A Scientologist’s Take on The Master

I watched Paul Thomas Anderson’s The Master this evening.

My first thought while walking out of the theater was a one sentence sum up as follows:

Given the behavior, product and the likely resultant public perception for the past twenty six years of David Miscavige’s Scientology Inc.,  Anderson’s film is probably the best possible healing salve imaginable for Scientology.

On August 28th, I made a prediction about the movie in a comment on this blog  that went against the grain of the plethora of ‘doomsday’ predictions for Scientology and L. Ron Hubbard.  I noted:

I have a different (and possibly wildly inaccurate) take on the likely content and impact of the movie. That is, based on the involvement of an actor of Hoffman’s skill and a director of Anderson’s, I bet while they paint the Master as a con, they also make him human and the audience will have some level of sympathy (ala Bush at least looking likeable when Stone hammered him, and the same with Clinton in Primary Colors).  To do a one dimensional slam job would be way below the pay grade of this calibre of artist.  One lone viewpont.  We’ll see.

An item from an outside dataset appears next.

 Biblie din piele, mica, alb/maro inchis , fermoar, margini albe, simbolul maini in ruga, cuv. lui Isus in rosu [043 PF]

My prediction turns out to be a fairly accurate sum up of what I saw on the screen tonight.  However, there was not even any attempt to paint L. Ron Hubbard as a con.

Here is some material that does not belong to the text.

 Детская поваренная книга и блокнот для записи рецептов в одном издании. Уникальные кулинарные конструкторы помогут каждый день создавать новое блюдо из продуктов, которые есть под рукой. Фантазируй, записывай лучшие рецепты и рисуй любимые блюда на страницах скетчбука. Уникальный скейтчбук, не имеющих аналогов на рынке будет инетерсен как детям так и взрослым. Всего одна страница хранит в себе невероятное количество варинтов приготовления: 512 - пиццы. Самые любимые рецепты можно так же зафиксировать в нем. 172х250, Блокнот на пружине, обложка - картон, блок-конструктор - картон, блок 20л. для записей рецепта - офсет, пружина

While literal corporate Scientologists will likely arrogantly and smugly convince one another Anderson was clueless about the sum and substance of the core philosophy of Scientology, their captive minds will have missed out on the larger truth Anderson so competently and accurately captured.  They will have missed the forest for the trees and missed a wonderful opportunity to begin to wake up and investigate all the propaganda their own church has been implanting in them, and thus the opportunity to fully appreciate L. Ron Hubbard the man and their own religion.

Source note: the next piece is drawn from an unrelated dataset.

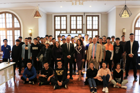 会后,Mark Power一行来到英国茶室,与中英国际学院工程与计算学院的教师代表和2019级全体计划内双学位工科新生面对面交流。利物浦约翰摩尔大学中国战略部总监Julia WANG详细介绍了学校的最新发展情况、学科优势、暑期交流项目等,并热心回答了学生们提出的问题。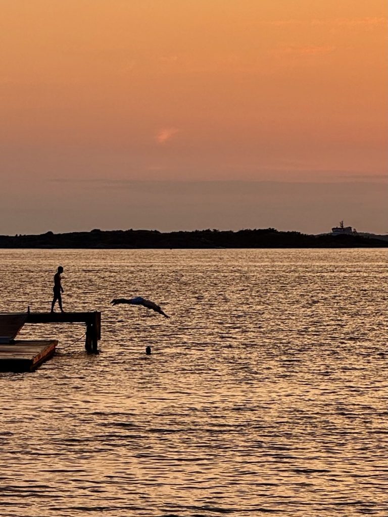 Gut informiert treten wir den Rückweg an, springen zur Abkühlung nochmals in Wasser und genießen ein leckeres Abendessen im Cockpit (Wraps). Anschließend feiern wir dann mal wieder Abschied. Diesmal geht es an Bord der Penelope. Da es dort Probleme mit der Batterie gibt, werden sie in Vänersborg bleiben, bis Ersatz gefunden ist. Gemeinsam leeren wir Wein- und Bierflaschen und spinnen Seglergarn – Danke an Anja und Thomas für einen wunderschönen Abend!

If there is any fault in the film, it will be the one corporate Scientologists can hang their misguided criticisms on.  That is, for those well-studied and practiced in the subject, the portrayal of the methodologies and philosophy of Scientology was just plainly too shallow.  But, even Anderson’s shortcoming is a boon for Scientology.  For the average viewer, his portrayal of ‘processing’ is probably a tremendous mitigation of whatever their notions about it were coming in to the movie, given corporate Scientology’s bastardization of the subject.

What they will miss by focusing on the technical inaccuracy, however, is the amazingly apt, artistic portrayal of L. Ron Hubbard and the ultimate, aberrated group dynamic of Scientology. Paul Thomas Anderson digs L. Ron Hubbard and Scientology better than Tom Cruise, John Travolta, David Miscavige (corporate Scientology’s supreme leader – read, Freddie Quell at the helm) and probably every other card carrying member of Scientology Incoporated.

Though I never met L. Ron Hubbard in the flesh, I probably had more access to and have studied more of his own words, and all of the available histories about him, from his cradle till his death.   Philip Seymour Hoffman, in my opinion, captured Hubbard’s beingness  (personality) perfectly.  One dear friend and person who was personally trained by Hubbard to the highest levels of Scientology and who spent years in his company made precisely the same assessment of Hoffman’s performance.

I probably spent more years interacting with, and had more access to more detailed information about, those who throughout Scientology’s history devoted themselves to it and Hubbard to the point of violently defending him, to ultimately becoming disappointed, than anyone in the history of Scientology. I cannot imagine a more accurate and effective combining of those hundreds of people into a single character than the performance of Joaquin Phoenix.

Corporate Scientologists, to the degree they are even permitted to watch the movie, will likely chafe at the finale when Phoenix is confronted by Dodd with a tough dilemna:  remain in the group and be loved and cared for, with the caveat that he will always remain subservient and obedient to the master, or freely pursue his own path, with the caveat that he will be considered an enemy in the future and will be treated with no mercy as such.

It is understood that the truth sometimes initially hurts.  I witness and deal with the reality of the painful truth of The Master’s finale each and every day of my life.   It has become my calling to heal that pain.  I can attest that is painful.  But, I cannot deny that it is the truth.

For those interested in the mechanics of how that is so in modern-day Scientology, I cover it rather thoroughly in What Is Wrong With Scientology?: Healing Through Understanding (Amazon books).

At the end of the day, The Master is a must-see, most particularly for Scientologists of any stripe (corporate, independent or otherwise).